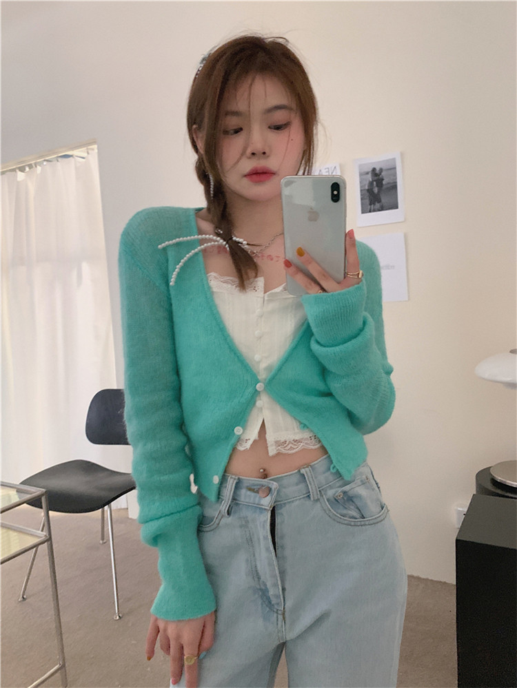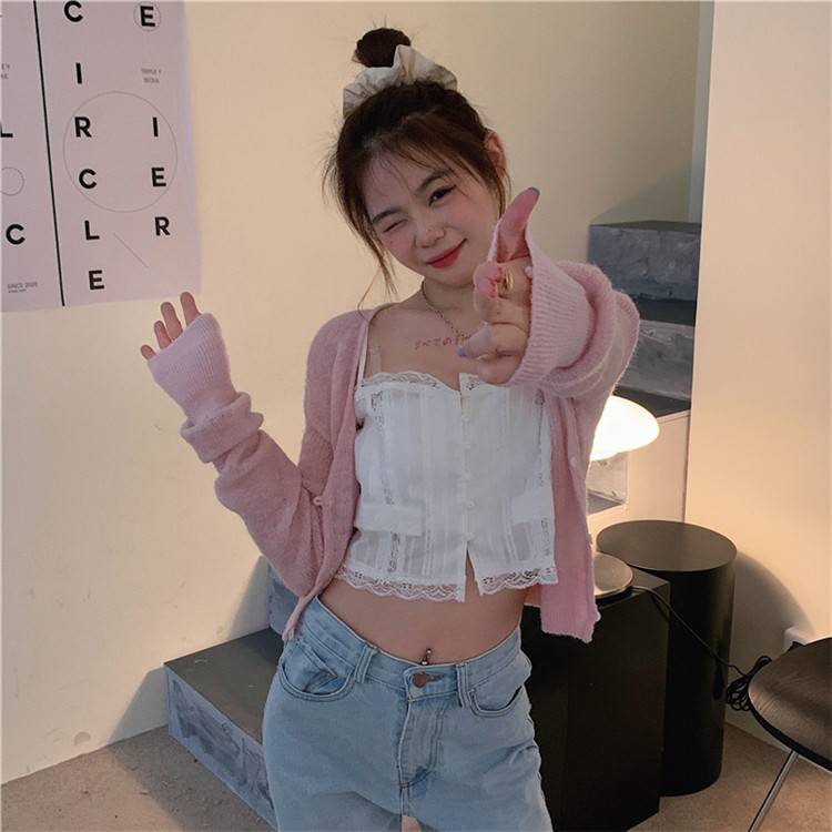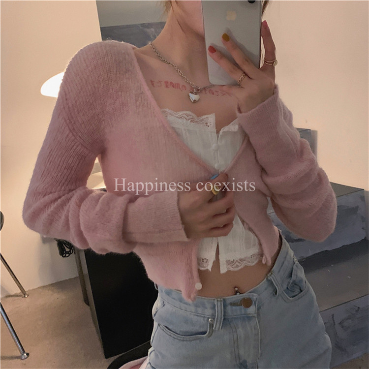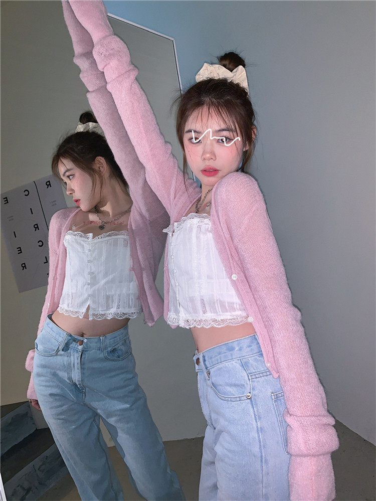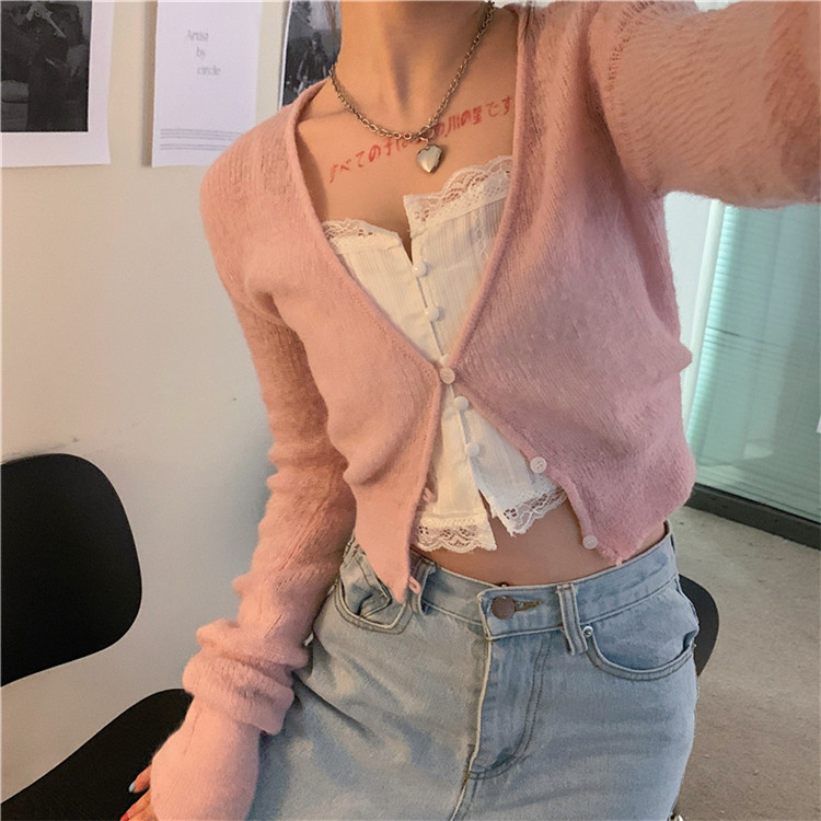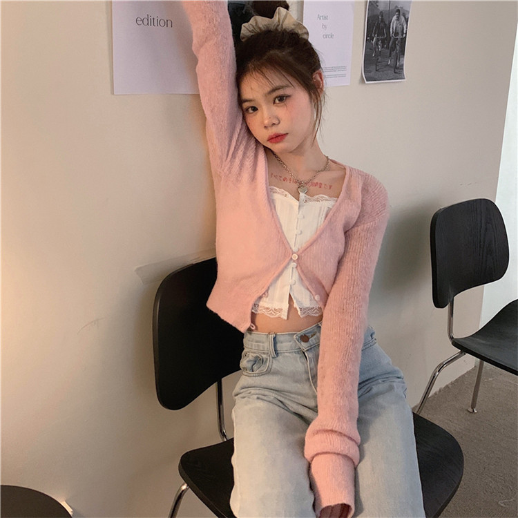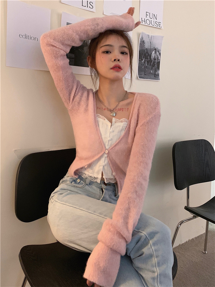 - 颜色分类:粉色针织开衫
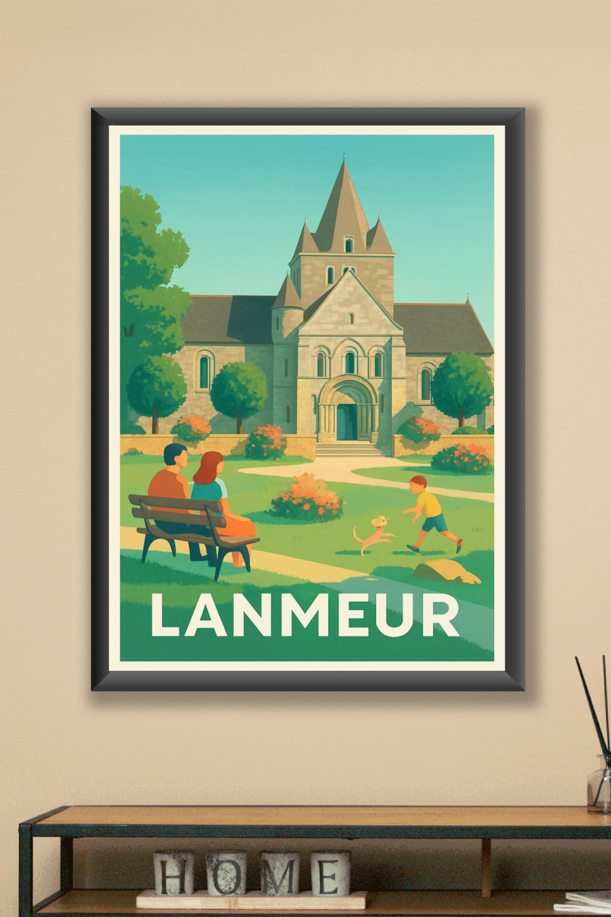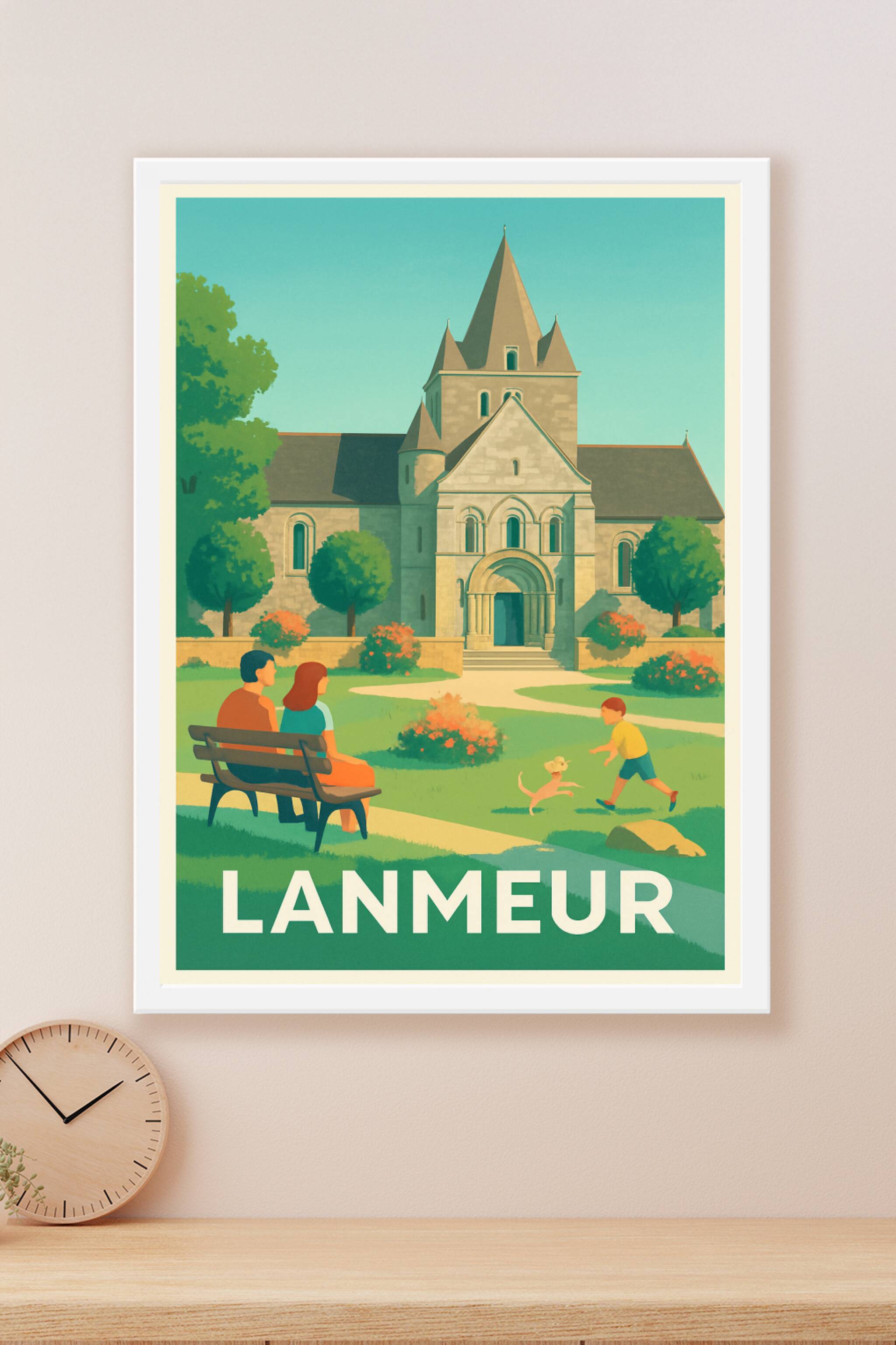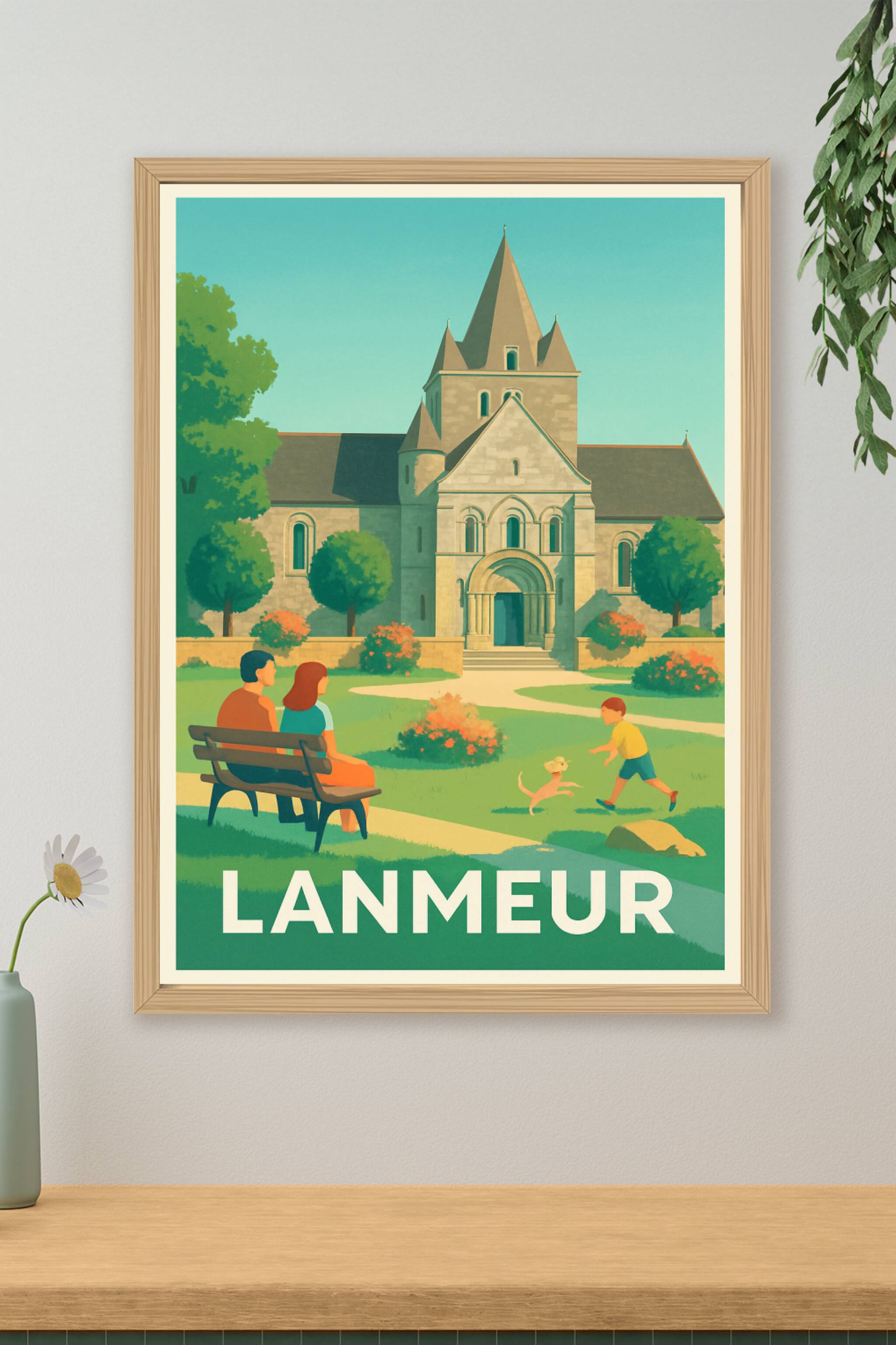 Découvrez la douceur de vivre à Lanmeur avec cette affiche illustrée qui met en valeur l'architecture emblématique de sa charmante église, entourée...
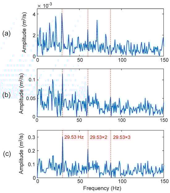 Processing results of healthy bearings using the techniques of: (a) HHT, (b) TK, and (c) eTK. The red dotted lines represent characteristic frequency (29.53 Hz) and its harmonics.
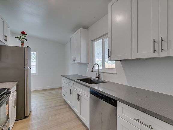 This beautifully renovated 1,505 sqft single-story home is move-in ready with modern upgrades throughout. Featuring four bedrooms and two bathrooms, the home offers new flooring, fresh interior and exterior paint, updated cabinets, upgraded countertops in the kitchen and bathrooms, and a fully renovated kitchen with brand new appliances. All windows and the water heater have been replaced, and a brand new air conditioner is being installed. The backyard features a new fence, fresh landscaping with decorative rock, and space for outdoor enjoyment. Whether you’re a first-time buyer or investor, this home is a must-see!
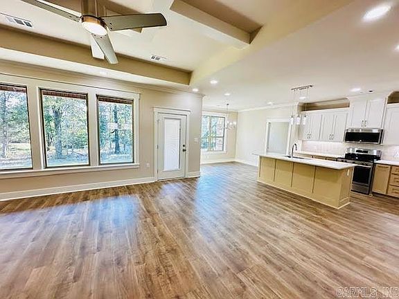 Welcome home to peaceful living in this spacious 4-bedroom, 2-bath beautifully built new-construction home! Nestled in a quiet neighborhood, this home features a smart split-floor plan that gives the master suite ultimate privacy. The master bathroom includes two large walk-in closets and a stunning spa-like bath with a freestanding soaker tub and a walk-in shower. The open-concept layout connects the large living area, kitchen, and dining space—perfect for family gatherings and entertaining. A sleek electric fireplace adds warmth and modern charm to the living room, while the kitchen shines with a breakfast bar, ample granite slab counter tops, and a large, walk-in pantry. You’ll also love the convenient separate laundry room and plenty of storage throughout. Step outside to the covered patio, ideal for relaxing evenings or weekend cookouts. Enjoy easy access to I-57 and downtown Beebe for shopping, dining, and entertainment. Modern comfort, space, and style—all in one perfect package!
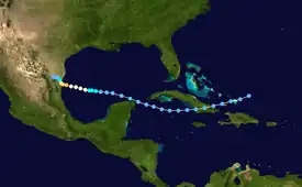 A tropical wave that emerged into the Atlantic from the west coast of Africa on August 15 developed into a tropical depression about 200 mi (320 km) north of Hispaniola on August 24.[3][7] The depression moved west-southwestward and failed to intensify before crossing the Turks and Caicos Islands and making landfall along the northern coast in eastern Cuba on August 25. After emerging into the Caribbean Sea, the cyclone headed west-northwestward beginning on August 27. By the following day, the depression entered into the Gulf of Mexico after passing just offshore the Yucatán Peninsula. The system then intensified into Tropical Storm Caroline early on August 29 and hurricane by 00:00 UTC the following day. Further strengthening occurred, with the storm peaking as a Category 3 hurricane with winds of 115 mph (185 km/h) and a minimum pressure of 963 mbar (28.4 inHg) early on August 31. Around that time, Caroline made landfall in a rural area of Tamaulipas, located in northeastern Mexico. The system rapidly weakened and dissipated on September 1.[3]
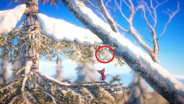 After starting the level and walking a few steps you will come across the first button. If you take off from the snow-covered branch pointing to the left and avoid any unnecessary movements, you will hit it perfectly (it's hidden in the snow on a high branch). If you miss it, quickly lasso one of the two loops on the branches.

TASK TO COMPLETE >> Pictures in the entries do not go into the copy. Print only the lines starting at the one containing "Processing results of" and ending at the one containing "Welcome home to", exactly as they appear.

OUTPUT OF THE EXERCISE >>
 Processing results of healthy bearings using the techniques of: (a) HHT, (b) TK, and (c) eTK. The red dotted lines represent characteristic frequency (29.53 Hz) and its harmonics.
 This beautifully renovated 1,505 sqft single-story home is move-in ready with modern upgrades throughout. Featuring four bedrooms and two bathrooms, the home offers new flooring, fresh interior and exterior paint, updated cabinets, upgraded countertops in the kitchen and bathrooms, and a fully renovated kitchen with brand new appliances. All windows and the water heater have been replaced, and a brand new air conditioner is being installed. The backyard features a new fence, fresh landscaping with decorative rock, and space for outdoor enjoyment. Whether you’re a first-time buyer or investor, this home is a must-see!
 Welcome home to peaceful living in this spacious 4-bedroom, 2-bath beautifully built new-construction home! Nestled in a quiet neighborhood, this home features a smart split-floor plan that gives the master suite ultimate privacy. The master bathroom includes two large walk-in closets and a stunning spa-like bath with a freestanding soaker tub and a walk-in shower. The open-concept layout connects the large living area, kitchen, and dining space—perfect for family gatherings and entertaining. A sleek electric fireplace adds warmth and modern charm to the living room, while the kitchen shines with a breakfast bar, ample granite slab counter tops, and a large, walk-in pantry. You’ll also love the convenient separate laundry room and plenty of storage throughout. Step outside to the covered patio, ideal for relaxing evenings or weekend cookouts. Enjoy easy access to I-57 and downtown Beebe for shopping, dining, and entertainment. Modern comfort, space, and style—all in one perfect package!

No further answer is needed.